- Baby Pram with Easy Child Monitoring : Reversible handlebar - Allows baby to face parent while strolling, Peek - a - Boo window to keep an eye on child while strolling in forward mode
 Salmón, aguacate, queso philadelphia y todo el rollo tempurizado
•••
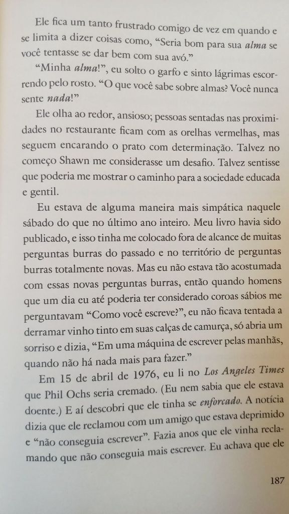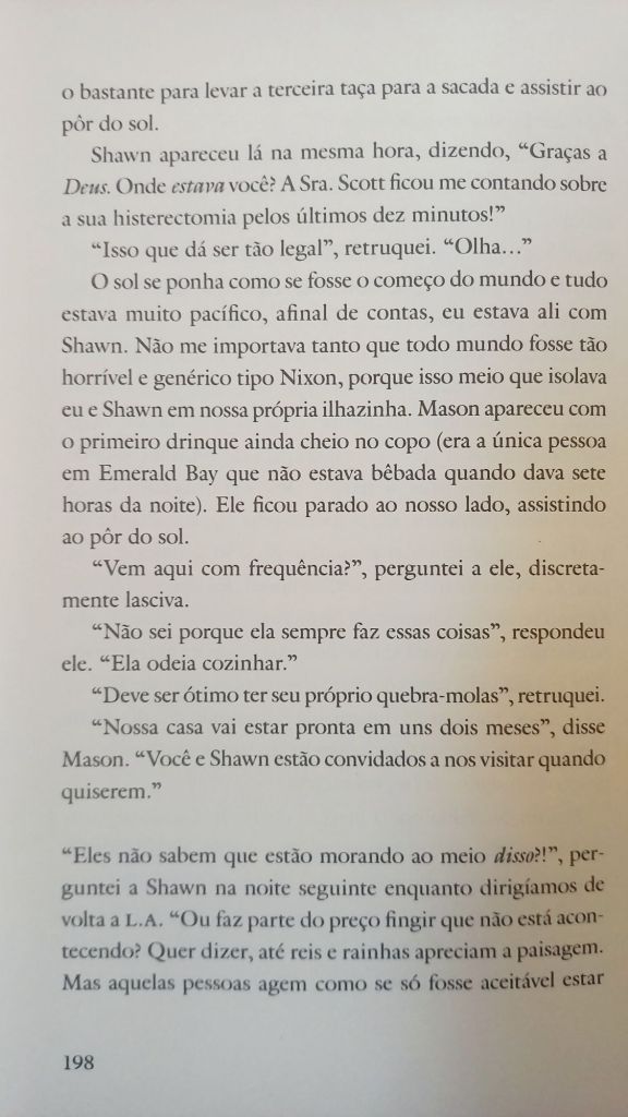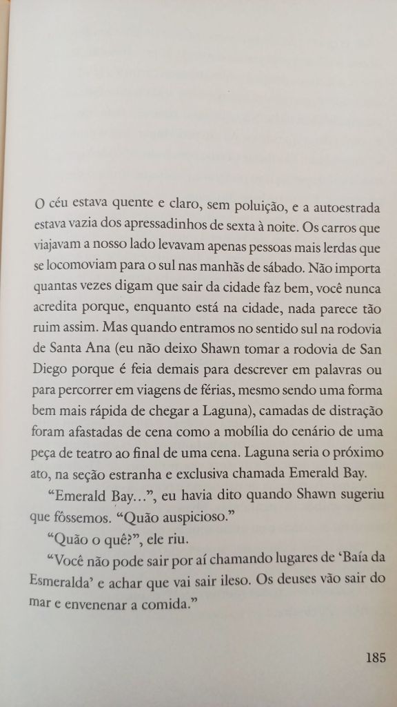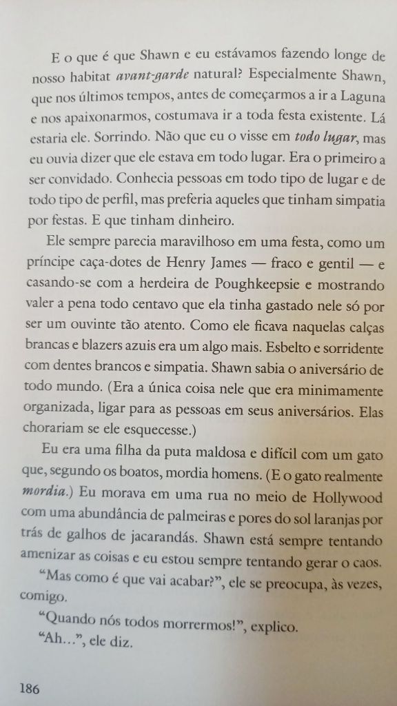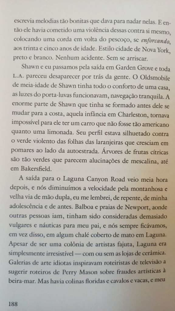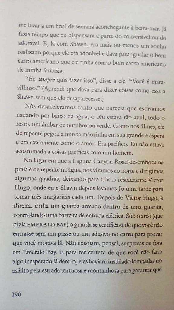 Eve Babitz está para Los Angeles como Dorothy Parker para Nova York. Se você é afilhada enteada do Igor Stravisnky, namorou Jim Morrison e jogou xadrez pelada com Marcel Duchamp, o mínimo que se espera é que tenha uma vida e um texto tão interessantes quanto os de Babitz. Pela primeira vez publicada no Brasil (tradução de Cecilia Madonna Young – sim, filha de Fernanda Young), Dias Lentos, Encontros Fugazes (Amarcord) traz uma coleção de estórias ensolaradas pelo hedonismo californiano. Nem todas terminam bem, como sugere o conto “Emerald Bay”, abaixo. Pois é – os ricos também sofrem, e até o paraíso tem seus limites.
•••
## Exercise brief
Return, with no change at all, every line in the entries above from the line containing "- Baby Pram" through the line containing "Salmón, aguacate, queso".

## Result of this exercise
- Baby Pram with Easy Child Monitoring : Reversible handlebar - Allows baby to face parent while strolling, Peek - a - Boo window to keep an eye on child while strolling in forward mode
 Salmón, aguacate, queso philadelphia y todo el rollo tempurizado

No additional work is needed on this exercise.